One look at the disaster that is James Street South will tell you why this is not a simple thing. Those eight or ten blocks are a significant bottleneck, with idling cars, buses, and the ever present Canada Post trucks slowing all traffic to a crawl.

You have large vehicles blocking the curb, and eight out of ten buses changing three lanes to turn left, all of which makes this a street that really isn't safe for bicycles. The St Joe's corner at the parking garage isn't even close to safe for pedestrians.

As much as I love public transit - GOOD public transit - bikes, and even walking, the reality is that Hamilton, and especially downtown is far from being a place that is easily liveable without cars.
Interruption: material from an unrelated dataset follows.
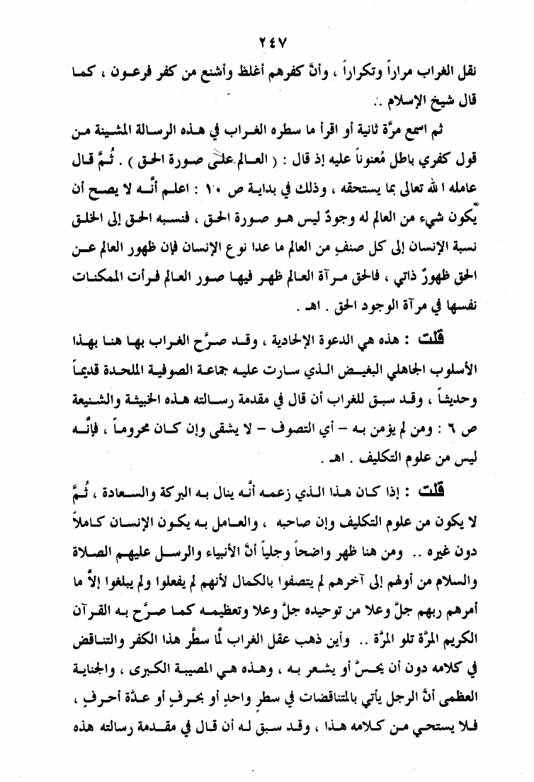 نام کتاب : الرد الأوفر على فقه الشيخ الأكبر ويليه إتمام البحث والرد على الإنسان الكامل والقطب الغوث الفرد نویسنده : عبد القادر بن حبيب الله السندي جلد : 1 صفحه : 247
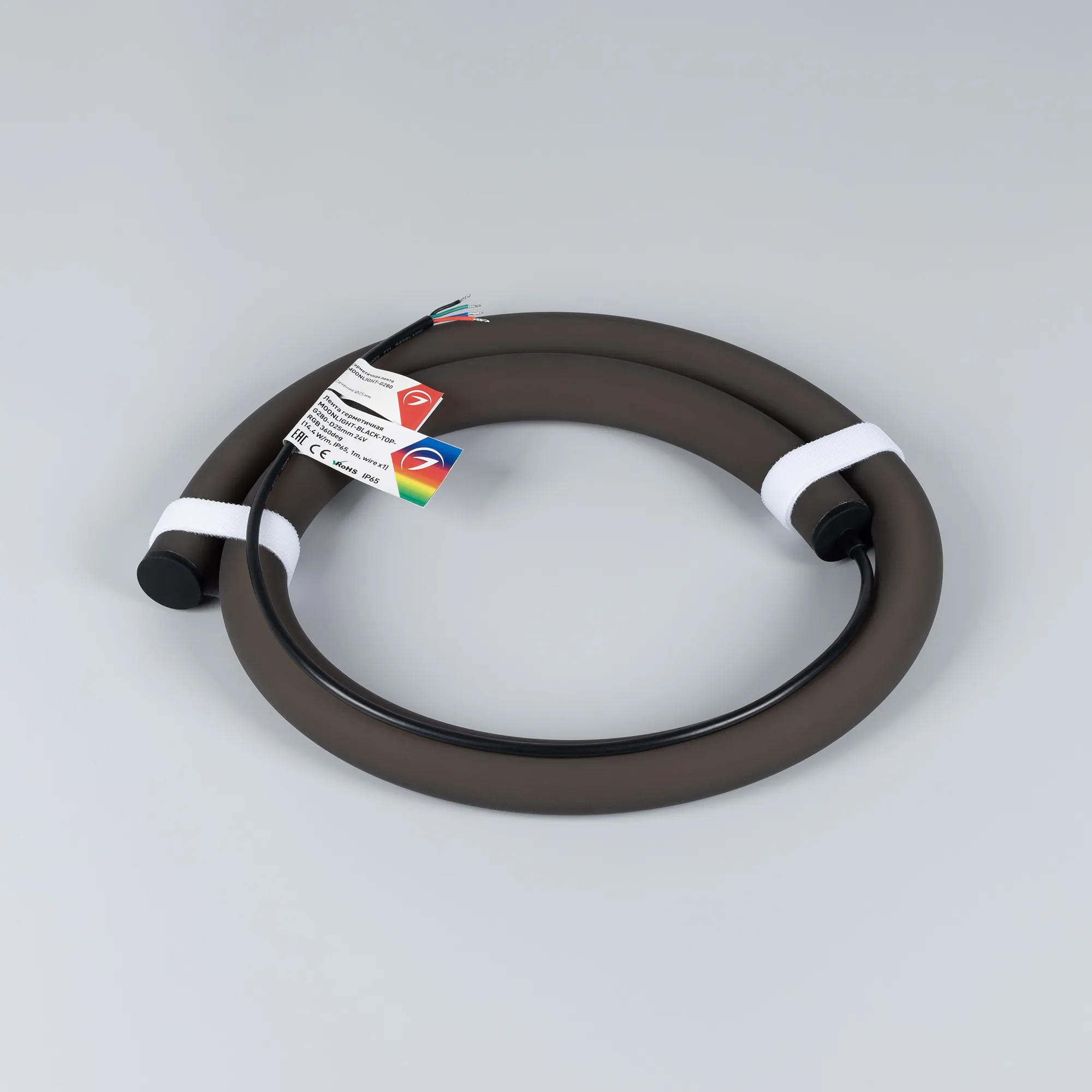 Гибкая герметичная лента (неон серии MOONLIGHT BLACK) чёрного цвета, сечение 25×25 мм. Светодиоды SMD 3838 280 шт/м. Цвет свечения RGB, угол излучения 360°. Мощность 14.4 Вт/м, питание 24 В. Класс пылевлагозащиты IP65. Размеры 1000×25×25 мм. Резка не предусмотрена. Изгиб согласно метки на корпусе, минимальный радиус изгиба 120 мм. Кабель питания длиной 500 мм, вывод с одной стороны вдоль линии сечения неона. Катушка 1 м. Цена за катушку. Гарантия 3 года.

The lack of basic services like a decent grocery store, a hardware store, and other things means that people sooner or later need to drive. For many things, especially for families, the HSR just doesn't work. Have you ever shopped for family of four? You don't haul that much stuff on the bus!

Despite the somewhat romantic notions about recreating a downtown form days gone by, the practical reality is that King and Main are valuable arteries for the thousands of people and businesses that need to travel across the city.

Moving those people through at a steady 50 kmh reduces idling and emissions. Those are good things.

Rather than spending more money on ill conceived transitions to two way traffic, I'd prefer to have the money spent on expanding and improving HSR service so that people will move away from cars by choice rather than because there is no option.

Like the buses to and from the Mountain that bring people into and out of downtown. Twenty minutes between buses on the 35 route is NOT an incentive to use transit.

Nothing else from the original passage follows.